● **Task item**: From the first line of the data below through the line bearing "Coffin cut amethyst", reproduce each line exactly; do not include pictures.

----- Data excerpts -----

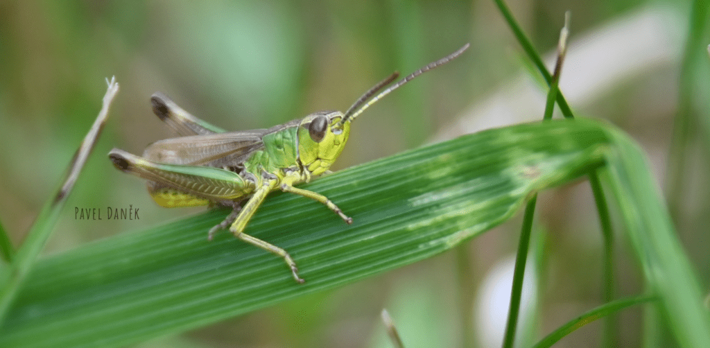 Pokud se vám nechce zrovna zkoumat, jestli si vámi pozorovaný tvoreček pochutná spíše na broukovi, nebo na fialce, pomůže vám anatomie. Kobylky poznáte na první pohled podle dlouhých nitkovitých tykadel (foto níže). Pamatovat si to můžete tak, že by se na kobylce dalo jezdit, protože se dá za tykadélka chytit, i když sedíte na jejím hřbetě. Naopak saranče má krátká tlustá tykadla, na která byste rozhodně ze zad saranče nedosáhli. Právě podle tykadel poznáte rozdíl na první pohled.
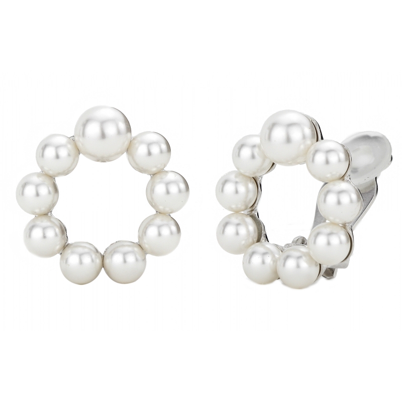 Traveller Ohrclip - Platiniert - 6/8mm Perle weiß
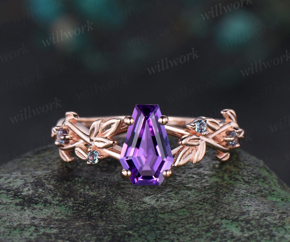 Coffin cut amethyst engagement ring vintage five stone alexandrite leaf infinity kite cut ring vine branch anniversary ring gift
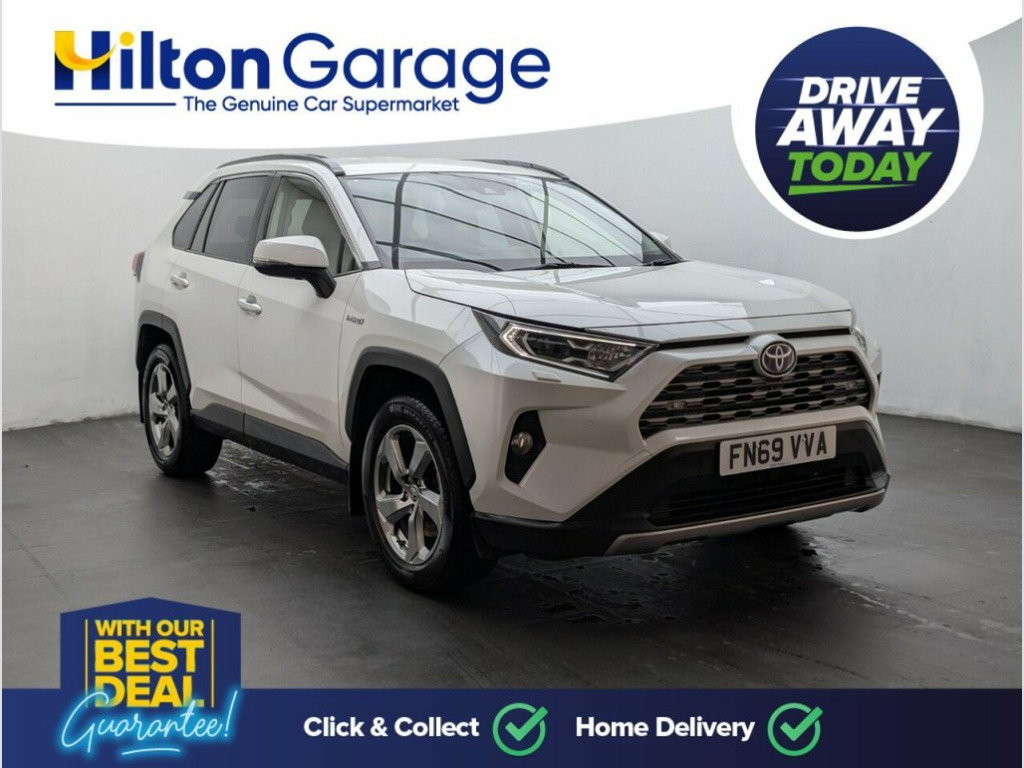 18" Alloys, Bluetooth, Parking Sensors, Reversing Camera, Cruise Control. Last serviced on the 27.08.2025 at 38581 miles. This 2019 Toyota RAV4 VVT-h Excel offers exceptionally low mileage for its age, having covered just 41,350 miles, and boasts an MOT valid until November 2026. This Four Wheel Drive model is powered by a 2.5 litre Petrol Hybrid engine, meeting Euro 6 emissions standards. It comes equipped with a suite of convenient features including a reversing camera with parking assistance, keyless entry with push button start, and full range adaptive cruise control accessible from the steering wheel. You'll also find front and rear parking sensors for added peace of mind, and LED projector headlamps for excellent visibility. The RAV4 Excel stands out with its impressive acceleration, reaching 0-60mph in just 8.4 seconds, demonstrating its responsive performance. Its large boot space offers practicality for all your needs, while its low CO2 emissions highlight its efficiency compared to many other vehicles in its class. This combination of performance, practicality, and efficiency makes this RAV4 a compelling choice. 18in Alloy Wheels - 5 Spoke - Silver, 7in Colour TFT Multi-Information Display, 8in Multimedia Display, Adjustable Front Drivers and Passenger S, Adjustable Speed Limiter - ASL, Airbags - Front Passenger, Analogue Tachometer, Anti-Lock Braking System - ABS - with El, Automatic Headlight Levelling, Automatic High Beam On-Off Switch, Autonomous Emergency Braking, Aux-In and USB Connector, Blind Spot Monitor and Rear Cross Traffi, Bluetooth Connectivity, Body Coloured Roof, Boot Light, Central Armrest, Clean Air Filter, Cyclist Detection, DAB Digital Radio, Daytime Running Lights - LED, Distinctive Storage Illumination, Door Handles - Body Coloured, Door Mirror - Heated and Electrically Re, Doo
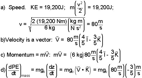 Calculate the speed, velocity, kinetic energy, position as a function of time, potential energy, and position and velocity in 3 seconds (not necessarily in order):
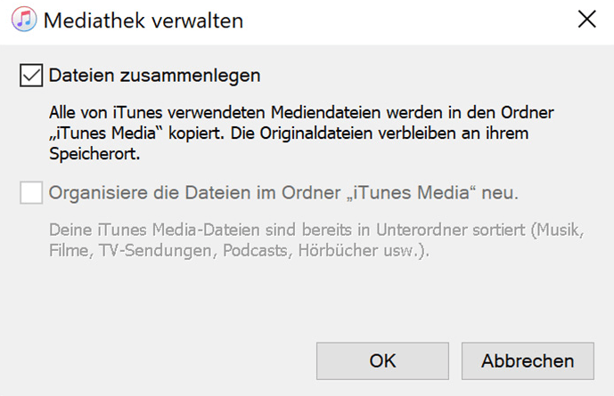 Schritt 4. Klicken Sie auf: Datei > Mediathek > Mediathek verwalten > Dateien zusammenlegen. In diesem Schritt werden die Mediendateien, die sich nicht am Standardspeicherort befinden, in den Ordner kopiert, um sicherzustellen, dass Sie die gesamte iTunes-Mediathek in einem Ordner unterbringen können.
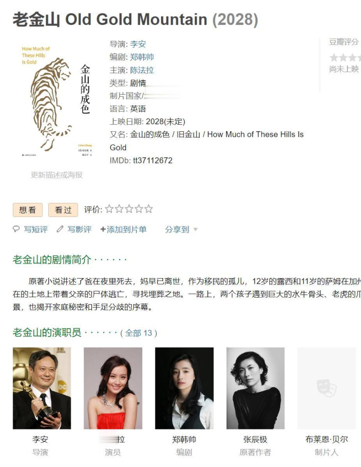 她的作品测度里,又有一个很大的变化,李安筹拍的《老金山》,正本豆瓣要求里章子怡贯通在列,放弃在她上头提到的采访之后,她的名字不见了。不出随机,章子怡详情不会再参与这个技俩。
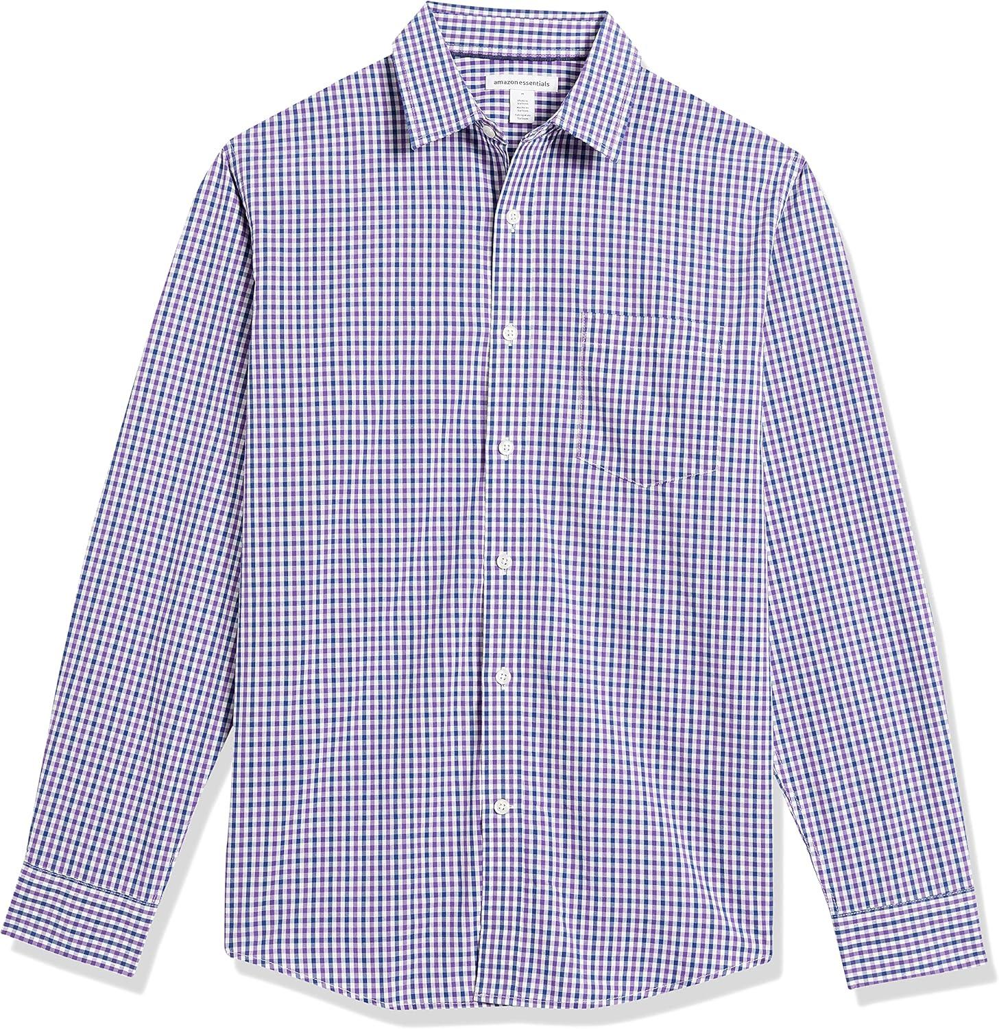 Amazon Essentials Men’s Regular-Fit Long-Sleeve Casual Poplin Shirt(Blue Purple Gingham)
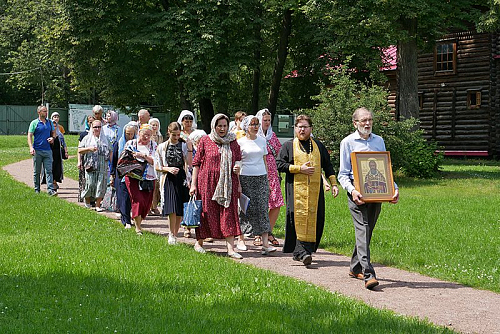 В небольшом деревянном храме, построенном в память святых Новомучеников и Исповедников Российских, был совершён молебен священномученику Василию.

-----

● **Answer area**:
 Pokud se vám nechce zrovna zkoumat, jestli si vámi pozorovaný tvoreček pochutná spíše na broukovi, nebo na fialce, pomůže vám anatomie. Kobylky poznáte na první pohled podle dlouhých nitkovitých tykadel (foto níže). Pamatovat si to můžete tak, že by se na kobylce dalo jezdit, protože se dá za tykadélka chytit, i když sedíte na jejím hřbetě. Naopak saranče má krátká tlustá tykadla, na která byste rozhodně ze zad saranče nedosáhli. Právě podle tykadel poznáte rozdíl na první pohled.
 Traveller Ohrclip - Platiniert - 6/8mm Perle weiß
 Coffin cut amethyst engagement ring vintage five stone alexandrite leaf infinity kite cut ring vine branch anniversary ring gift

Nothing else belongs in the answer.